Data listing =

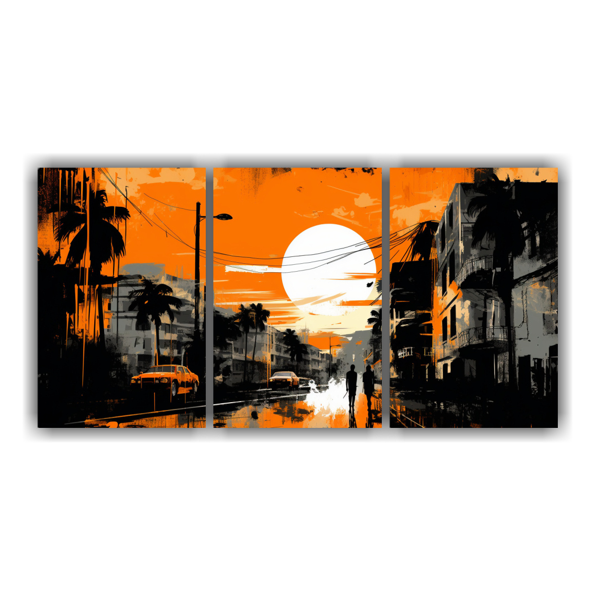 Este tríptico en tonos anaranjados, grises y negros, con un toque de beige, azul marino grisáceo y plateado, es perfecto para darle a tu espacio un toque moderno y urbano Colócalo en tu sala de estar para resaltar la decoración con estilo street art
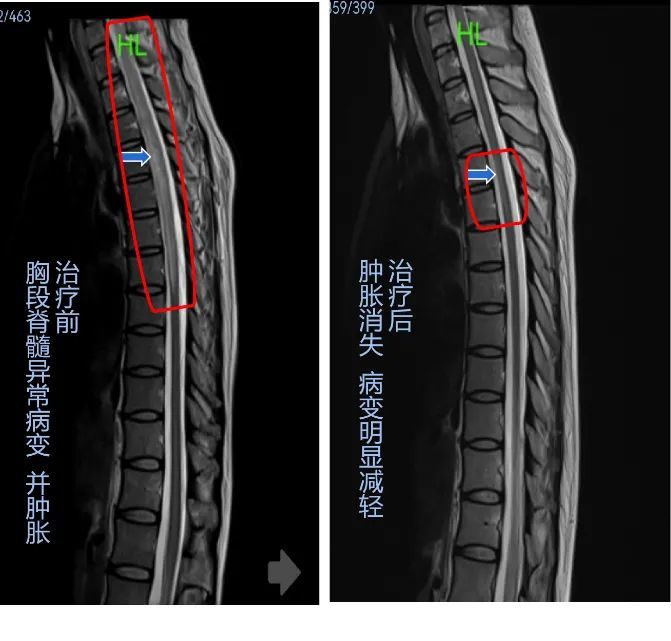经过治疗后,赵瑛的病情明显好转。拍片显示,原来发炎的8节段脊髓,已经缩小到2个而且异常信号已经很淡, 抗体指标也大大改善。
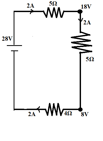The Potential difference is $28 V$(given in the question)
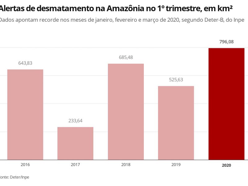 Alertas de desmatamento na Amazônia batem recorde no primeiro trimestre de 2020, mostram dados do Inpe
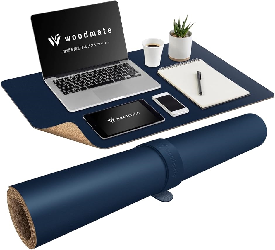 | 商品名 | Woodmate 空間を調和するデスクマット 空間デザイナー監修 レザー 裏面コルク デスクパッド ダークブルー 60cm x 35cm |
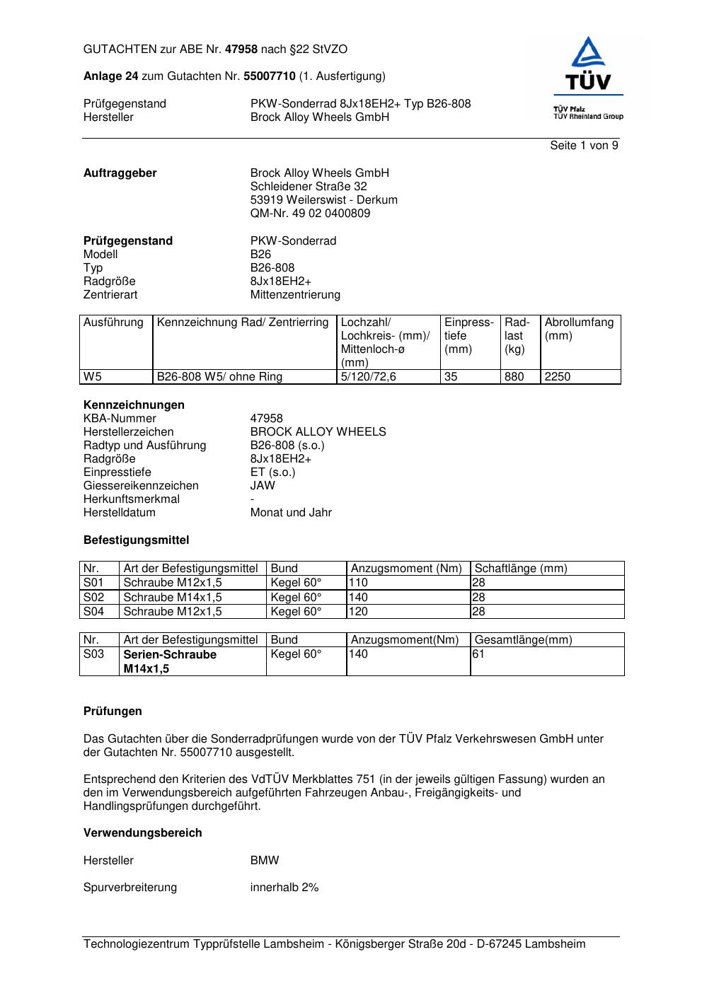 Dieses Gutachten (abe) bezieht sich auf die Alufelge Brock B26-808 in der Ausführung 5Jx83 ET 0, Mittenloch 0 mm (KBA 47958). Im PDF findest du typischerweise zulässige Reifengrößen, Auflagen/Anbauhinweise und – je nach Dokument – Hinweise zur Eintragung.
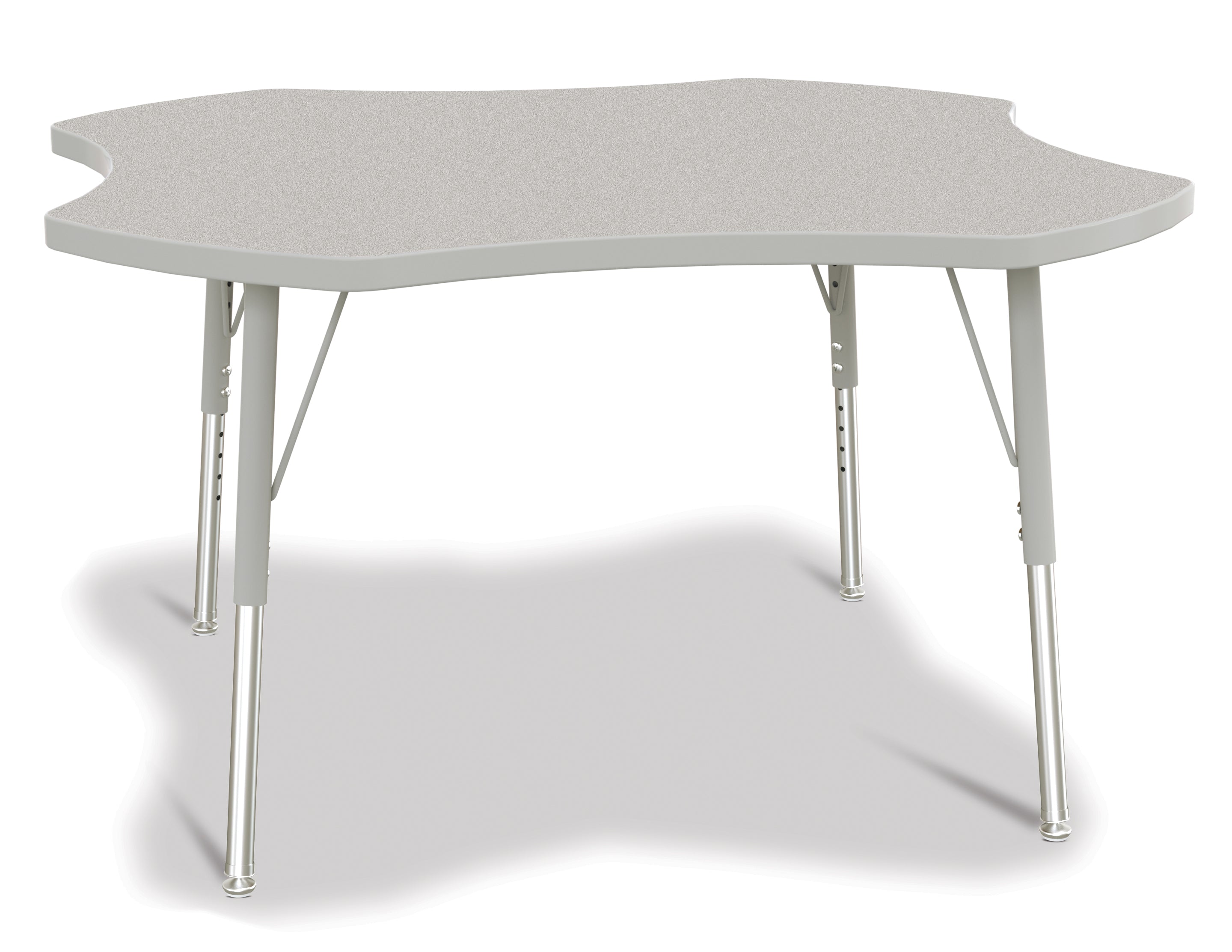 Seating in a fun shape! Accommodates up to 8 chairs. The legs feature glides that reduce noise, prevent snags, and resist rust. Freckled gray laminate tabletop with gray TRUEdge and gray legs.KYDZSafe edges. KYDZStrong construction. TRUEdge. Choose from multiple tabletop and TRUEdge color combinations. Thermally Fused Laminate tabletops 1-1/8â thick. Quick mount legs with minimal assembly. Legs adjust in one-inch increments with the extra-safe dual-screw leg adjustability system. Helpful Hint: Most children require elementary size tables tiny tables typically fit children just 1 to 2 years old. Adjusts from 15" to 24" high. See cleaning recommendations at www.jonti-craft.com/cleaning.Product Height (inches):15-24Product Width (inches):42Product Depth (inches: 42
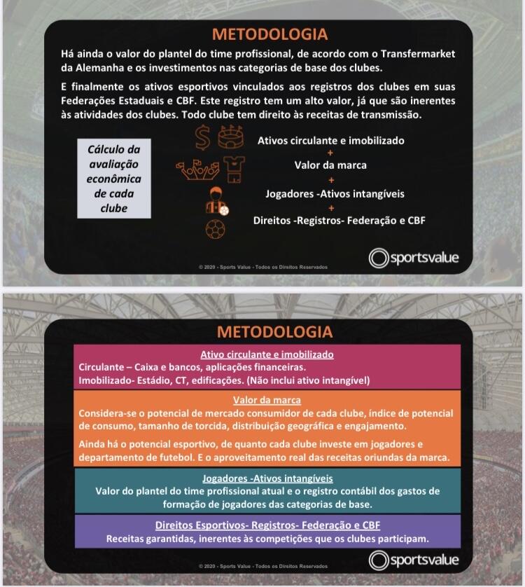 A metodologia avalia ativos, marca, plantel, categoria de base e registro nas federação e CBF. Os clubes que souberam manter seus ativos, cresceram na avaliação.
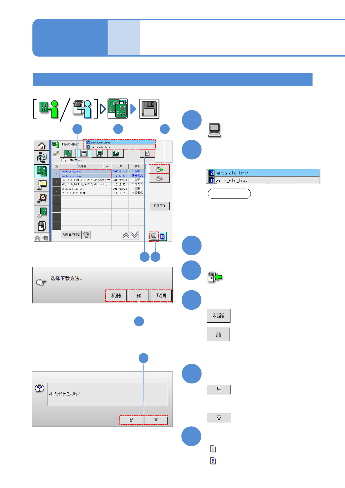 NPM-W X/WXS EJM9DC-MB-03O-0 0 3-1-3 -2 4 1 2 2 3 4 3 5 从 SD 卡传输到设备 / 单轨传送带 把 SD 卡插入设备,读入生产数据。 选择文件 插入 SD 卡 ( 参数光盘 ) 选择文件读入的来源 读入文件 确认提示 ■不读入时 : SD 卡 5
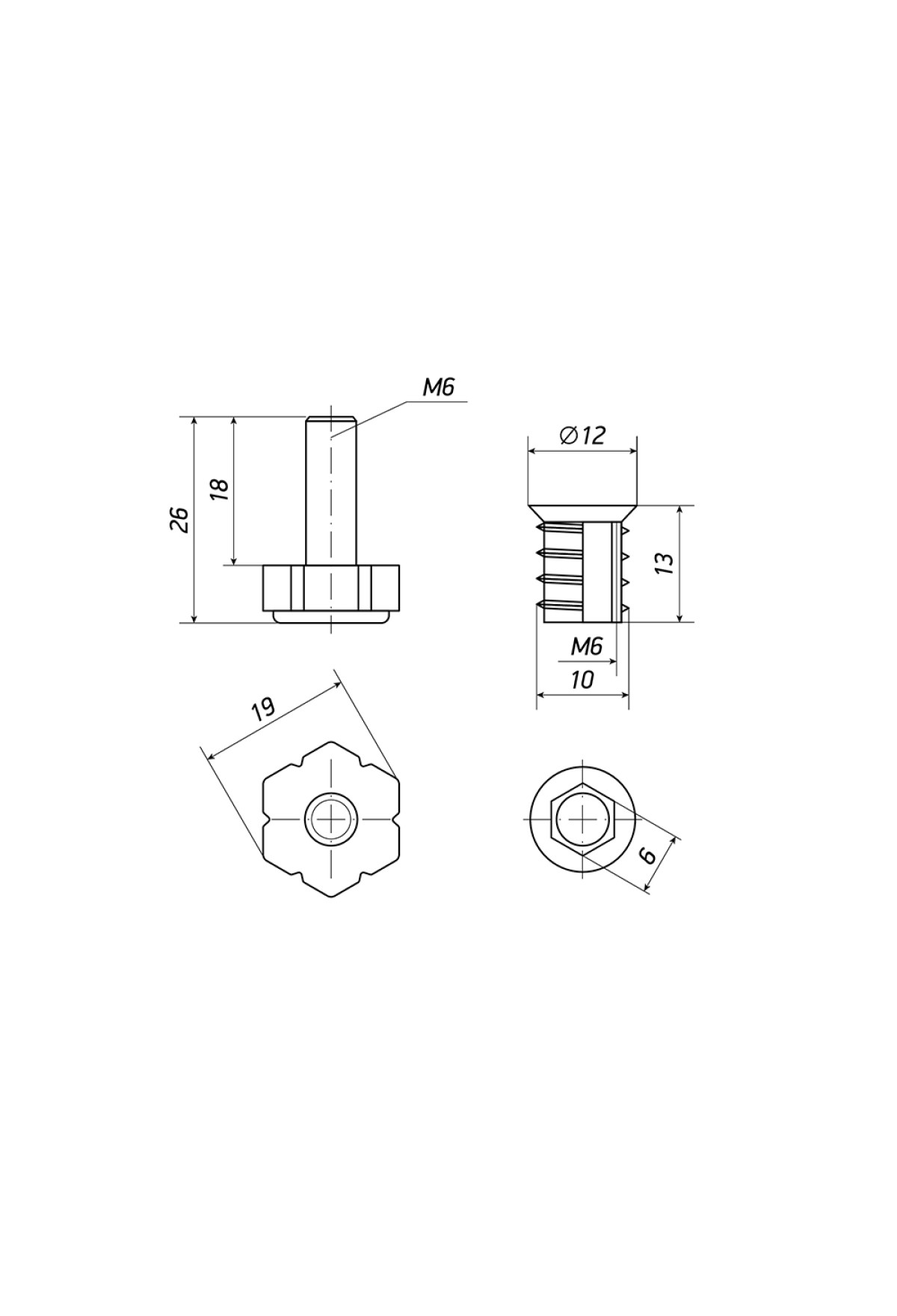 Технические характеристики Опора мебельная регулируемая винтовая с втулкой М6 под прикручивание

Description of the task =
Restate the data above word for word, omitting every picture.

Result of this exercise =
 Este tríptico en tonos anaranjados, grises y negros, con un toque de beige, azul marino grisáceo y plateado, es perfecto para darle a tu espacio un toque moderno y urbano Colócalo en tu sala de estar para resaltar la decoración con estilo street art
经过治疗后,赵瑛的病情明显好转。拍片显示,原来发炎的8节段脊髓,已经缩小到2个而且异常信号已经很淡, 抗体指标也大大改善。
The Potential difference is $28 V$(given in the question)
 Alertas de desmatamento na Amazônia batem recorde no primeiro trimestre de 2020, mostram dados do Inpe
 | 商品名 | Woodmate 空間を調和するデスクマット 空間デザイナー監修 レザー 裏面コルク デスクパッド ダークブルー 60cm x 35cm |
 Dieses Gutachten (abe) bezieht sich auf die Alufelge Brock B26-808 in der Ausführung 5Jx83 ET 0, Mittenloch 0 mm (KBA 47958). Im PDF findest du typischerweise zulässige Reifengrößen, Auflagen/Anbauhinweise und – je nach Dokument – Hinweise zur Eintragung.
 Seating in a fun shape! Accommodates up to 8 chairs. The legs feature glides that reduce noise, prevent snags, and resist rust. Freckled gray laminate tabletop with gray TRUEdge and gray legs.KYDZSafe edges. KYDZStrong construction. TRUEdge. Choose from multiple tabletop and TRUEdge color combinations. Thermally Fused Laminate tabletops 1-1/8â thick. Quick mount legs with minimal assembly. Legs adjust in one-inch increments with the extra-safe dual-screw leg adjustability system. Helpful Hint: Most children require elementary size tables tiny tables typically fit children just 1 to 2 years old. Adjusts from 15" to 24" high. See cleaning recommendations at www.jonti-craft.com/cleaning.Product Height (inches):15-24Product Width (inches):42Product Depth (inches: 42
 A metodologia avalia ativos, marca, plantel, categoria de base e registro nas federação e CBF. Os clubes que souberam manter seus ativos, cresceram na avaliação.
 NPM-W X/WXS EJM9DC-MB-03O-0 0 3-1-3 -2 4 1 2 2 3 4 3 5 从 SD 卡传输到设备 / 单轨传送带 把 SD 卡插入设备,读入生产数据。 选择文件 插入 SD 卡 ( 参数光盘 ) 选择文件读入的来源 读入文件 确认提示 ■不读入时 : SD 卡 5
 Технические характеристики Опора мебельная регулируемая винтовая с втулкой М6 под прикручивание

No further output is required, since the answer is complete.